I noticed that kids have changed a lot during those years and since. They have been exposed to too many things. Thank goodness there are still a lot of dedicated teachers. I've always been impressed by our East Elementary School. I went there to help with the Vision testing during the last school year and noticed that among the older kids, so many thanked me when I handed the paper back to them! That impressed me.

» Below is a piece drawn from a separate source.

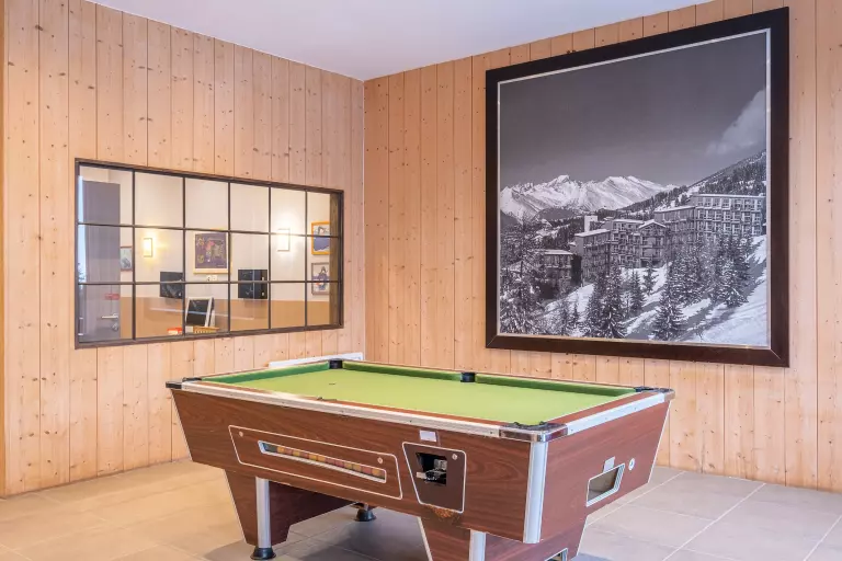 En fin de journée, vous pourrez vous détendre dans notre salon cosy avec bibliothèque, billard et baby-foot. Ici, nous avons tout pensé pour les familles.

Our current situation: Jack passed away a few years ago. Linda is Mrs. Bob Denton. My sister-in-law, Joyce, passed away from cancer in 1974. Jack married Mary Lou Flom five years later. Jack and Joyce gave me four nephews and nieces — Dave, Diane, Janet, and Mike. Bob and Linda gave me three nieces and nephews — Laura, Leasa, and Rob. These seven are an important part of my life. I have enjoyed seeing them grow into good, dependable adults, and they are very good to me. They have given me another generation of grand nephews and nieces to enjoy and share their lives. Noah, Kieren, Ethan, Brock, and Grace live in Florida. Ariann, Briele, and Braden live in Waukee, and I treasure the time I spend with these fifteen special people.

My mother passed away in 1981, my father in 1994, and my brother in 2003. I miss them very much, but I'm grateful to have Mary Lou, Linda, Bob and all my nephews and nieces.

I am very happy with my life in Osceola. When I retired in 1997, I returned to Osceola, where Dad had left me a house. I had hoped to come back and take care of him but he passed away before I could retire. I've come to belong here. I am active in my church, I do volunteer work, I drive people to Des Moines for doctors' appointments, I am active in CARSPA (Clarke Area Retired School Personnel Association), Osceola Women's Club, I have started volunteering at the hospital gift shop, I enjoy visiting shut-ins, and I enjoy my friends with whom I have coffee every morning.

Summing up our lives, Jack, Linda, and I all graduated from high school and went on to careers we've enjoyed. Linda has been a very good nurse — she loved nursing. Jack and I enjoyed and loved teaching. My dad made the statement one time about him and Mom, "All three of our kids have more education than we had," and my brother said, "Yes, but you are the two who gave us the incentive to get that education." We were lucky kids. Dad grew up without knowing his father, Mom grew up without knowing her mother, but they made such good parents! We all agree on that.